Sikh funeral ceremonies

sikh ceremonies

Like many other eastern religions the Sikhs have a strong belief in the afterlife. As with Buddhists the Sikh religion believes that the reincarnation cycle flows and flows until a oneness with God occurs. In terms of the ceremonies and funerals themselves an important theme is the resignation to the will of the creator and the accepting of death as a natural part of the life cycle. An interesting note about the Sikh approach to death is that they keep the 5 traditional elements which they are required to carry throughout their lives; 1. Kachhera, an undergarment 2. Kanga, a wooden comb. 3. Kara, a steel or iron bracelet. 4. Kes, uncut hair (and beard). 5. Kirpan, a short sword.

What’s different about a Sikh funeral and lead up to the funeral?

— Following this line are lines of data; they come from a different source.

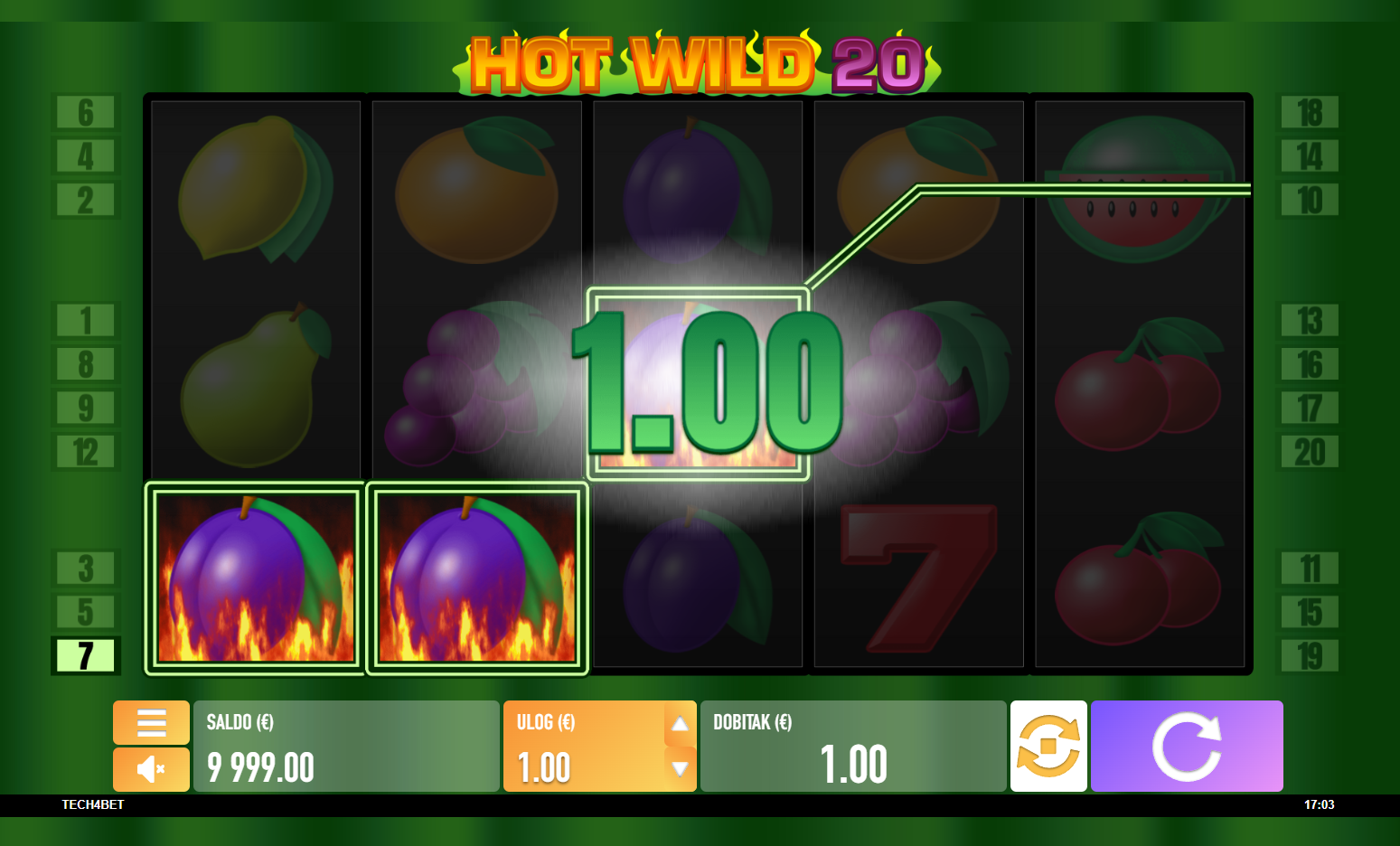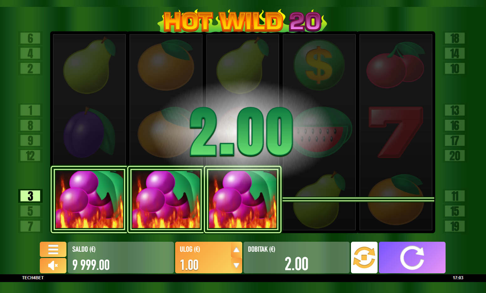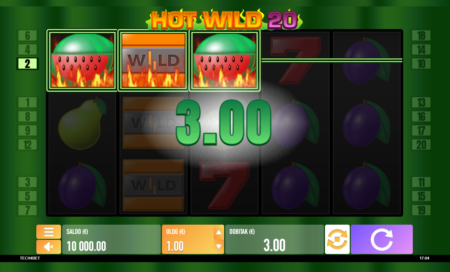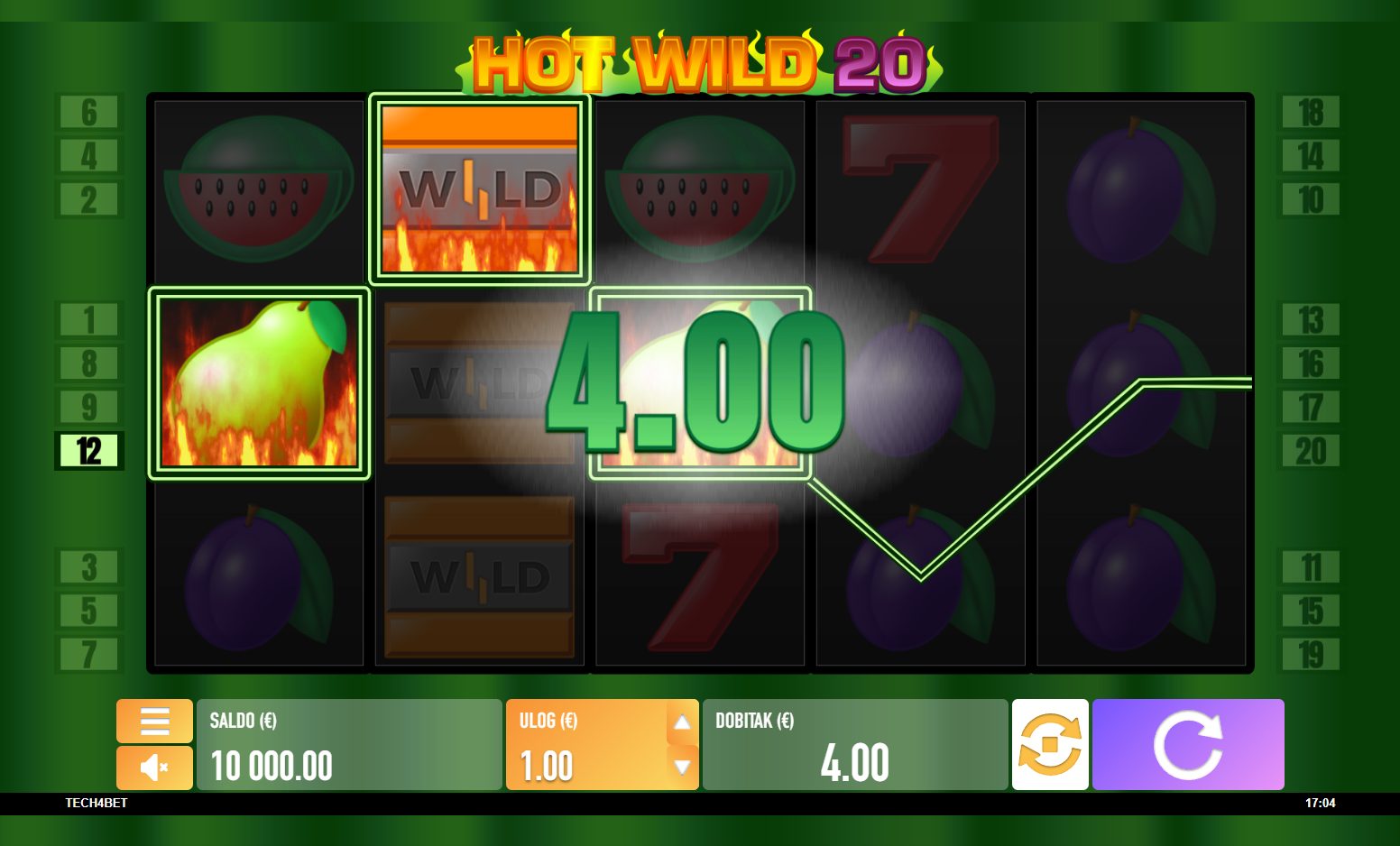 Hot Wild 20 je uzbudljiva igra s pet valjaka i tri utora na
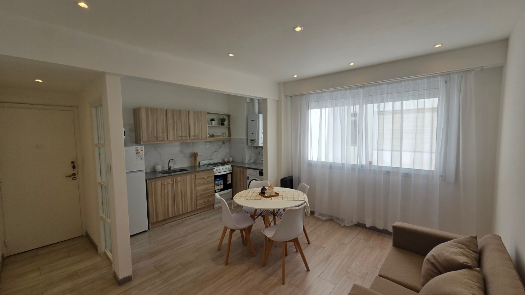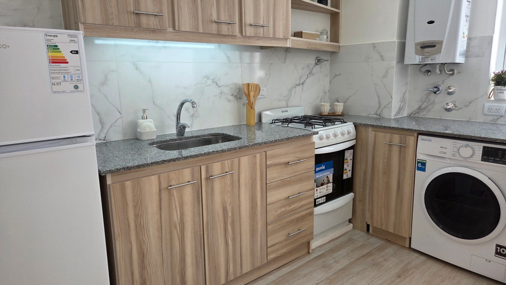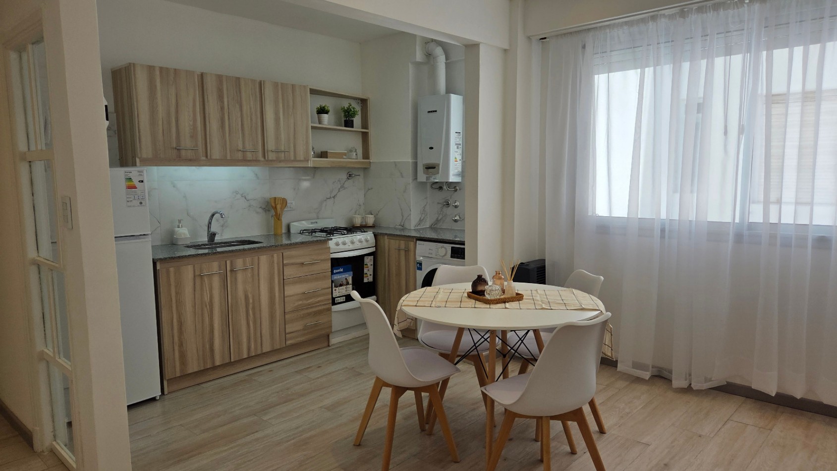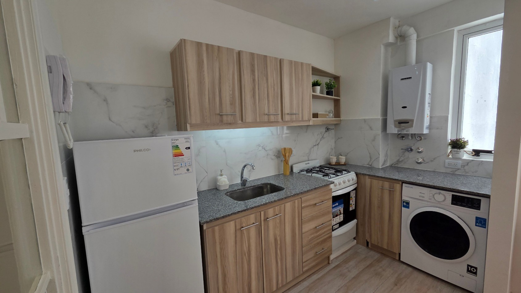 Cocina con ventilación natural, integrada al living, reciclada a nuevo. con lavarropas.
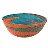 - 1030 VINTAGE AFRICAN COILED POLYCHROME FLAT BASKET
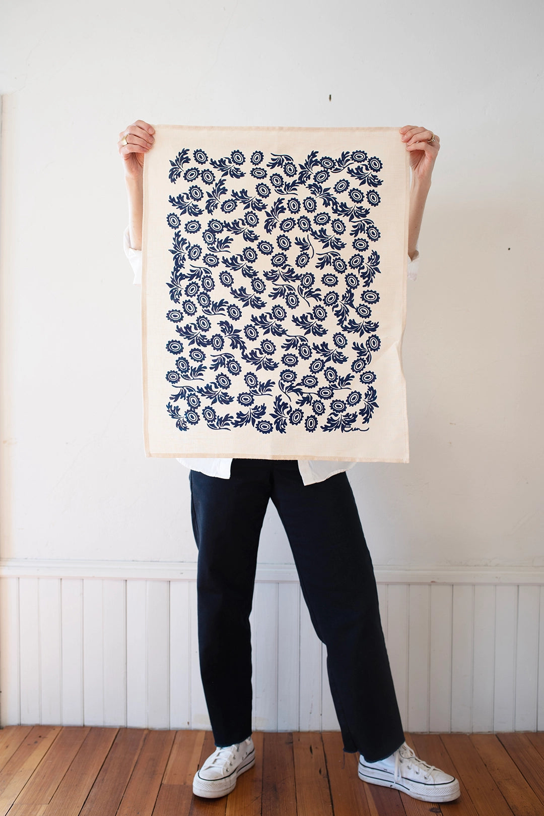 Hand drawn pattern and silk screen printed with water-based solvent-free inks with hem finish. Perfect for adding a pop of color to your kitchen! Dimensions: Approximately 20" x 26" Care: Wash cold with mild detergent. Lay flat to dry. Iron as needed.
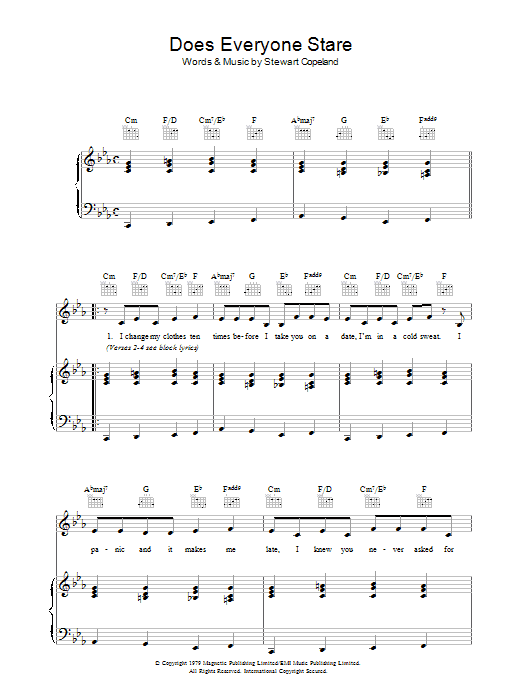 Download or print The Police Does Everyone Stare sheet music, chords and digital score arranged for Guitar Chords/Lyrics. This Rock score includes 2 page(s).
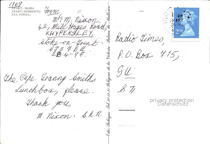 old postcard Palma de Mallorca Apart. Bahia Sorrento Sta Ponsa postalisch gelaufen Erhaltung siehe scans
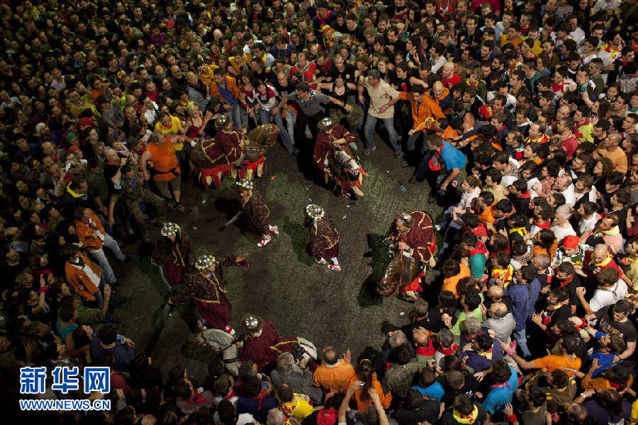 西班牙貝爾加(Berga)市的La Patum節上,裝扮成土耳其人的演員進行騎馬舞表演。
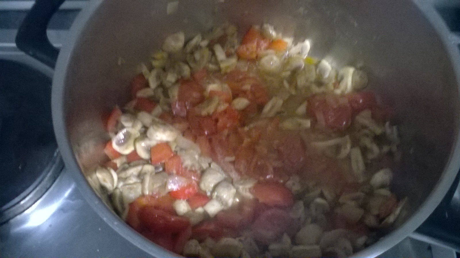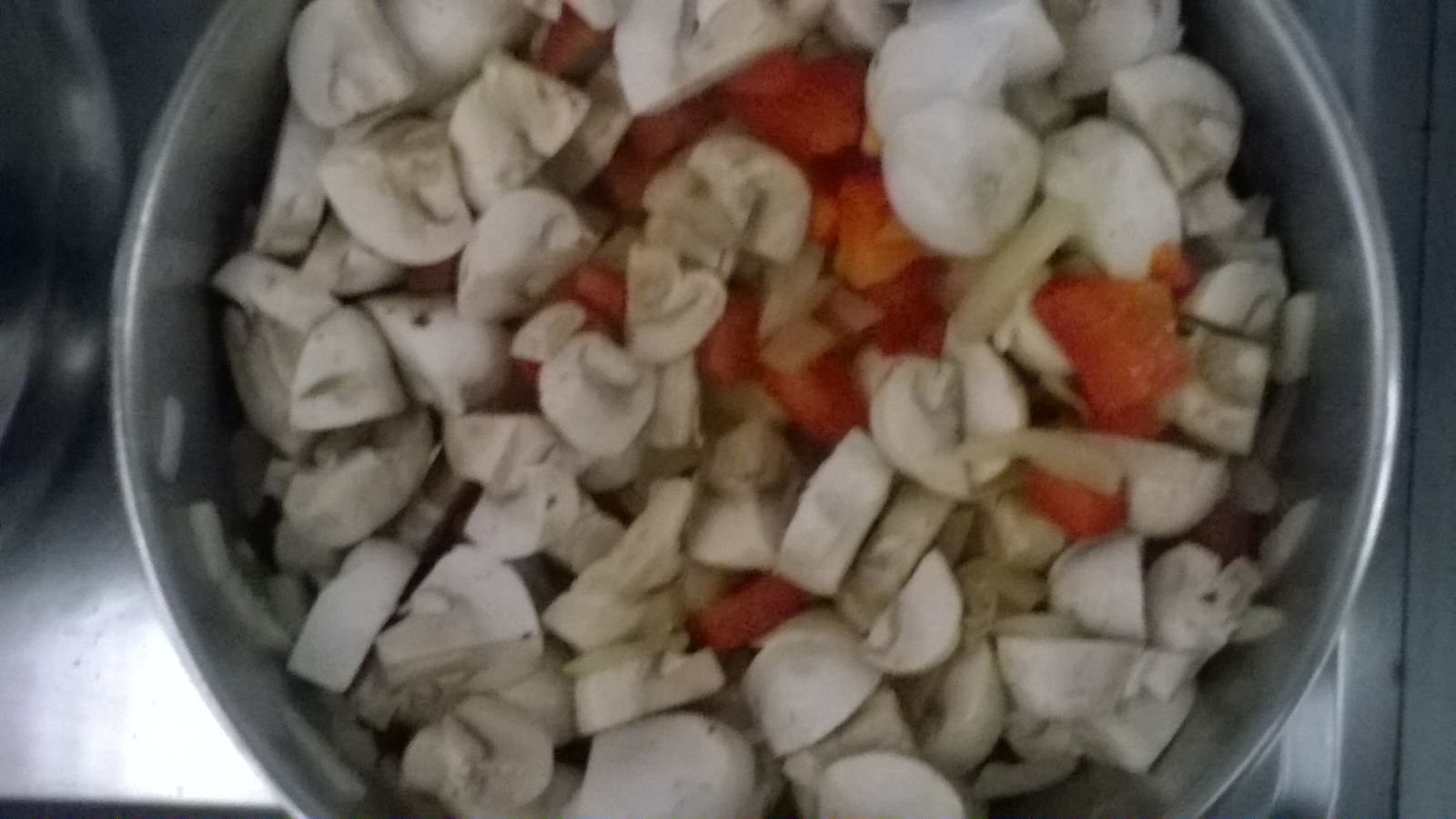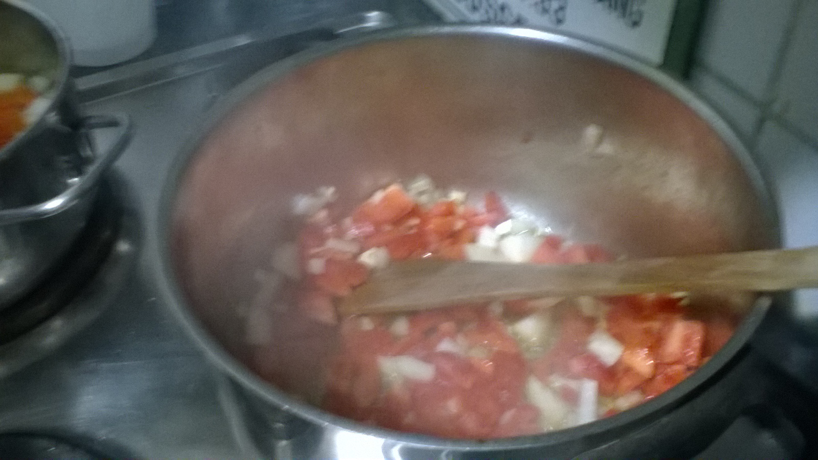 ![]() Gisteren een snelle paella valenciana gemaakt. In een ovenschaal twee kopjes rijst, saffraan + kurkuma voor de mooie kleur te bekomen, een fijn gesnipperde ui + paprika, 150 gram op reepjes gesneden chorizo, kipfilets bakken, op blokjes snijden en toevoegen, kippebouillon toevoegen, een groot glas noilly prat bijgieten, flink wat peper van de molen, wat verse oregano die we zelf groeien hier, 40 minuten in de oven op 180 graden. Daarna totaal vergeten er nog wat tomaten passata bij te voegen
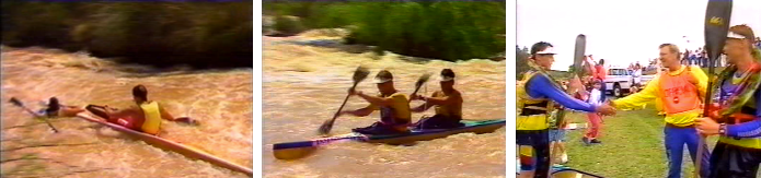 In January of 1994, Dee and I drove down to Dusi with Neil, Hop and Tweet who was seconding them. I had a fun 3 days, finishing in a time of 13 hours 25 minutes. Hop was struck with Dusi guts and they ended up 33rd after day 1, 14th at the end of day 2 and eventually 9th at the end of the race – a great recovery but not what they wanted. John Edmonds and Kevin White, adversaries in the ’93 K1 year, combined well to easily beat Mark Hutson and Les Keay.
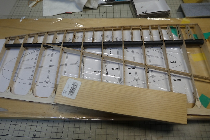 二段目も後縁材とリブの段差を落として全体をサンディングします。 ![]() 前縁とリブの段差もサンディングして成型していきまか。 |

Just before death occurs the dying person is encouraged to focus on his or her spiritual belief and life by reciting “Waheguru” (meaning God) or texts from the Guru Granth Sahib (Sikh holy scripture). Once the person dies preparation of the body will take place with it being bathed and clothed in the traditional turban and clothing with the 5 items as noted above. Following on from this preparations will then be made for the cremation (which is the norm) of the body.

Where does a Sikh ceremony take place?

Cremation is the most popular form of dealing with the body in the Sikh religion and additionally the funerals can mainly revolve around this element. An important element of the ceremonies is the acceptance of God’s will. It’s also important to remember that the religious service can vary in location and can be staged anywhere from outdoors to a funeral home and even at home.

What normally happens at a Sikh funeral and what do non observers need to know?

While Sikh ceremonies offer a lot of choice to planners it should be noted that their are very specific prayers and hymns which should be said in almost all places where the religion resides. During the ceremony a number of prayers may be said and be aware that if the ceremony also includes a ritual called “Sadharan Paath” (a kind of religious service) there may also be hymns, readings, food, sweets (sweet foods) and verses from the holy book may also be included. In terms of clothing attendees are ordinarily encouraged to wear subdued colours but this is not usually a strict rule. Flowers are also acceptable.